UNEMPLOYED DIARY DAY...TIME:

In the cavemen days when cavemen had some time between jobs cavemen would put dow their cutting rocks and lie on their backs to look up at the sky and take some time to stare at the clouds. White and fluffy shapes against the immense blue heavens.

"That one look look like tree." One would say.
"That one look like Mammoth." One would say back.

"That one look look like other type of tree."
"That one look like smaller Mammoth."

"Tree..."
"Mammoth..."

I was just looking at the sky and I saw a Foosball table, a set of GHD hair straighteners, a stapler, a snow plough and the spitting image of Angelina Jolie's Asian kid - the one with the mohawk.

The cavemen days were simpler times.



UNEMPLOYED DIARY DAY 12:

My attention span is coming back. 

Years of trying to zone out of conversations about 'engagement' ideas and years of forcing myself to rifle through 100's of images on fffound and videos on Youtube to 'come up with' the next ad or hit-and-hope 'viral' has trained my brain to be cat-like. When I say cat-like the cat that it's like has been put into a room with some wolves, fireworks, toddlers and vacuum cleaners and the cat is now shitting and pissing everywhere as it runs up the walls trying to find somewhere safe to have a stroke and die.
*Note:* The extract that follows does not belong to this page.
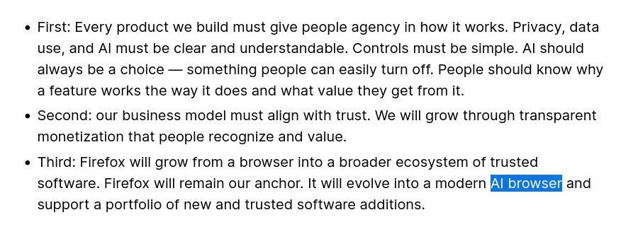 Some thoughts on Mozilla's trajectory and Waterfox's stance on AI in the browser 👇
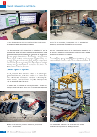 ELEMENTI PREFABBRICATI IN CALCESTRUZZO94 C&PI %u2013 Calcestruzzo & Prefabbricazione International %u2013 6 | 2025 www.cpi-worldwide.comche del cliente per ogni dimensione di ogni singolo tipo di segmento e delle limitazioni specifiche della galleria, CBE definisce tolleranze estremamente strette per le dimensioni dei suoi casseri: da un decimo di millimetro e un millimetro. Questi calcoli tengono conto non solo della precisione necessaria dei segmenti, ma anche della fattibilit%u00e0 industriale e ripetibilit%u00e0 su diverse centinaia di cicli di produzione. I risultati passano poi alle squadre per la costruzione dei casseri che garantiscono il rispetto rigoroso.Controlli rigorosi in ogni faseIn CBE, il rispetto delle tolleranze si basa su tre pilastri: progettazione controllata, costruzione precisa e una serie di ispezioni sistematiche. Non appena il cassero risulta completamente montato, viene controllato il rispetto delle specifiche con un%u2019ispezione laser tracker 3D.In questa fase %u00e8 possibile produrre gli anelli in calcestruzzo a scopo di test per verificare il comportamento dei segmenti montati. Questo perch%u00e9 anche se ogni singolo elemento in s%u00e9 soddisfa i requisiti, la somma delle tolleranze pu%u00f2 causare scostamenti nell%u2019anello completo.Per semplificare questa fase, CBE ha messo a punto un%u2019innovazione digitale: l%u2019anello virtuale. Viene realizzato sulla base di Anello in calcestruzzo prodotto nel sito di produzione CBE di L%u2019Ile-BouchardPila di segmenti prefabbricati in calcestruzzo di CBE, sollevata dal dispositivo di serraggio AcimexStudio della tolleranza nell%u2019ufficio tecnico della costruzione di casseri di CBE a Saint-Avertin (Francia)Ispezione di un cassero per segmenti con un laser tracker nel sito di produzione di L%u2019Ile-Bouchard (Francia)

But now my attention span is coming back and I love it.

Yesterday I read a recipe to the end before I started cooking instead of trying to guess how to make it from the picture - who knew pies had fillings? Before that I made it past 12 on a Buzzfeed top 20 list - they save the funniest one for last! And I'll tell you man-to man, my bum hole hasn't been this properly wiped since my mother was still doing it - in my teens.

(I've often been wiping and just stopped. Not because my sphinker was clean - just because I got distracted and a bit bored. It's not til the water runs brown in the shower later that you realise what a poor job you've done.)

Amazing.

Also FYI: Leaning over someones child in a park and saying, "Hello little girl. You have a pretty dress." in a South African accent can come across as creepy.


UNEMPLOYED DIARY DAY AFTER THE NIGHT:

This morning I woke up singing: 

"The only smell that could ever wake me - was the smell of the pizza van."

To the tune of Preacher Man by Aretha Franklin. 

I wish I could come up with awesome shit like that when I was awake.

1 comment:

  1. Just what the fuck have you been doing in the three years since the last post, huh?